Table 1 List of photographs analyzed, with indication of their title, category, and samples removed for micro-invasive analysis of the retouching paint

pXRF Analysis was performed using an Elio XGLab energy-dispersive portable XRF spectrometer, with a high-resolution large-area silicon drift detector (SDD) with 130 eV at manganese (Mn) Kα with 10 kcps input photon rate (high resolution mode), and 170 eV at Mn Kα with 200 kcps input photon rate (fast mode). The system is equipped with changeable filters, and a rhodium (Rh) transmission target with 50-kV maximum voltage and 4-W maximum power. The size of the spot analyzed was 1 mm. Parameters employed for the analysis were as follows: 50-kV voltage, 80-µA current, 300-s acquisition time, and no filter for printed areas and the photographic paper; 50-kV voltage, 40-µA current, 90-s acquisition time, and no filter for regions of retouching paint. Specific settings for each analysis have been reported in the net counts table in Additional file 1: Table S1. Empty areas of the album page secondary supports were analyzed as a reference in each case to allow for a correct attribution of the elements detected. For each color or element selected for analysis, three measurements were collected. Qualitative and semi-quantitative comparisons among areas with different image densities, indicated as Dmax (maximum density), Dmid (medium density), and Dmin (minimum density), assisted in differentiating between elements that are associated with the image material and those that are present in the paper support or artist’s mount.

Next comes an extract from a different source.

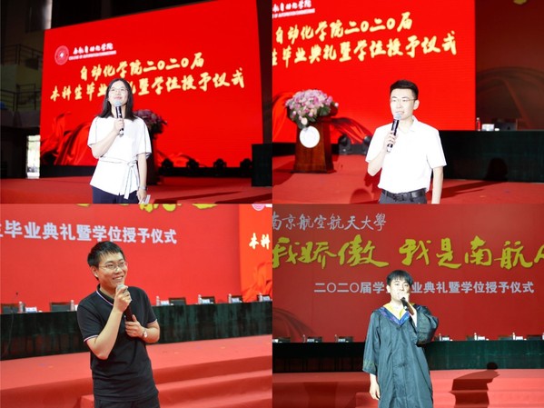 毕业生代表、保研本校的206班张绮瑶代表同人漫画 全体2020届毕业生发言。她回顾了在三院学习的四年时光和成长历程,代表全体毕业生表示一定为祖国的航空航天事业贡献出南航自动化人的一份力!
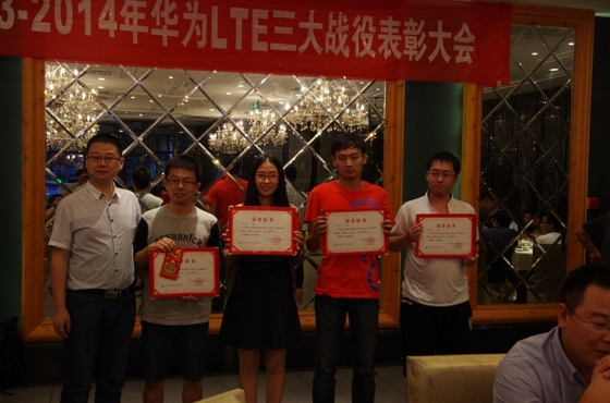 ? 2014年2月,獲LTE三大戰役優秀質量獎,李晶、吳峻、王曄獲華為優秀個人。

FORS Analysis was performed using an Ocean Optics (USB2000 + UV/Vis) spectrometer equipped with a linear silicon charge-coupled device (CCD) array. In this system, the area selected for analysis is illuminated through a halogen lamp coupled with fiber optics. Reflected light is collected by a co-axial fiber and driven to the spectrometer. Analysis was carried out by positioning the tip of the fiber optics at approximately 1–2 mm from the photograph’s surface, resulting in a spot size of approximately 0.2 mm. Reflectance (R) data were converted to apparent absorption using the Kubelka–Munk algorithm; in fact, it is more reliable to look for absorption features, whose wavelength positions are known to remain more constant [32].

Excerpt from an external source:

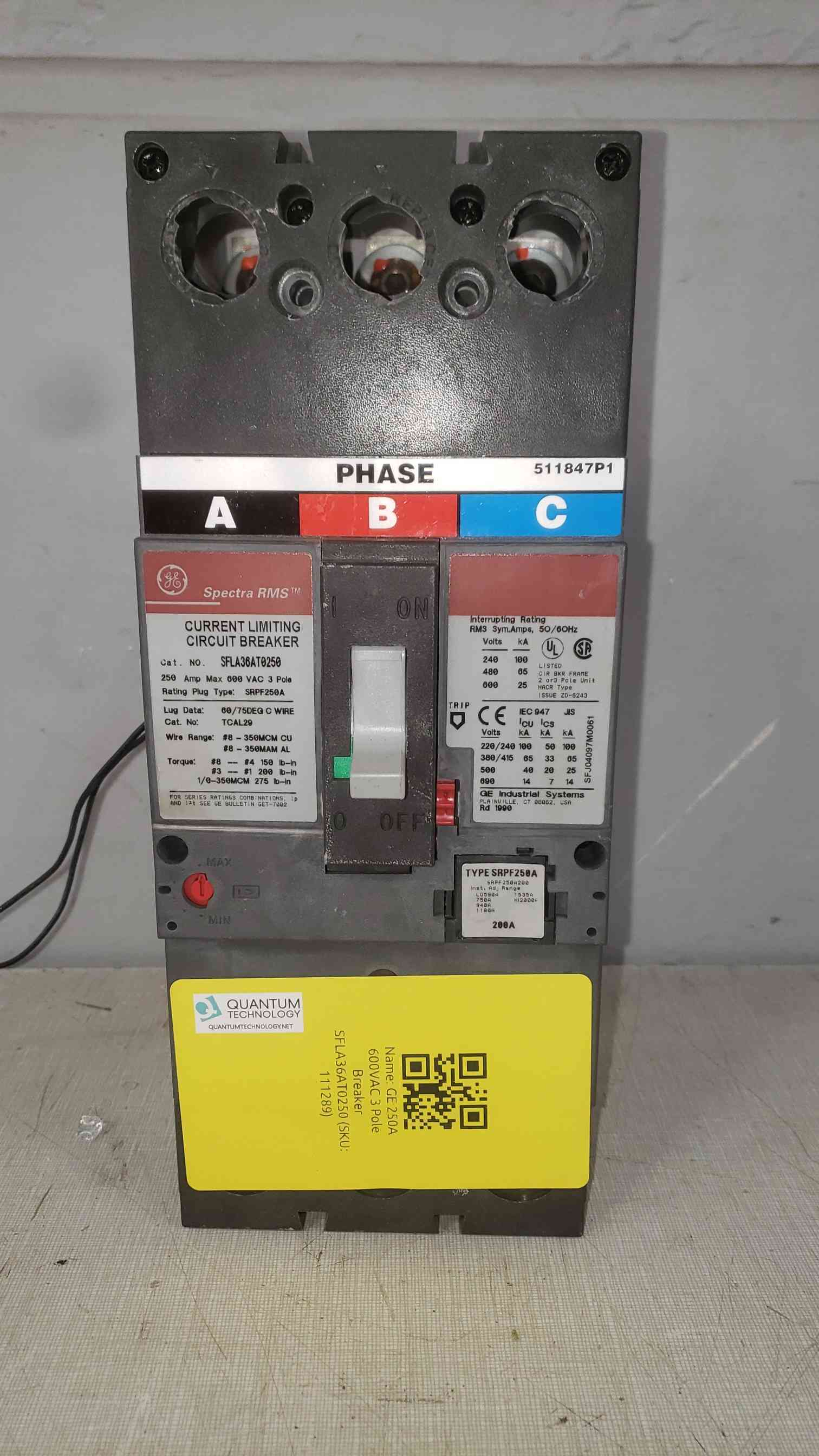 GE 250A 600VAC 3 Pole Breaker SFLA36AT0250 200A Trip

Raman Non-invasive analysis was conducted using a handheld Bruker Bravo Raman spectrometer equipped with a CCD detector. Two lasers emitting light at 785 and 852 nm (Duo LASER™) were used as the excitation sources, and spectral resolution was 10–12 cm−1 [33]. The output laser power was ≈ 50 mW for both lasers, while the number of scans and integration time were set to 30 and 1000 ms, respectively. Micro-invasive analysis of samples was performed using a benchtop Bruker Senterra Raman spectrometer equipped with an Olympus 50× long working distance microscope objective and a CCD detector. A continuous wave diode laser, emitting light at 785 nm, was employed as the excitation source, and two holographic gratings (1800 and 1200 rulings/mm) provided a spectral resolution of 3–5 cm−1. The output laser power was kept below 10 mW to prevent damage from overheating, while the number of scans and integration time were adjusted according to the Raman response of each sample. In both cases, spectra were interpreted by comparison with published literature and library databases available at The Met’s DSR.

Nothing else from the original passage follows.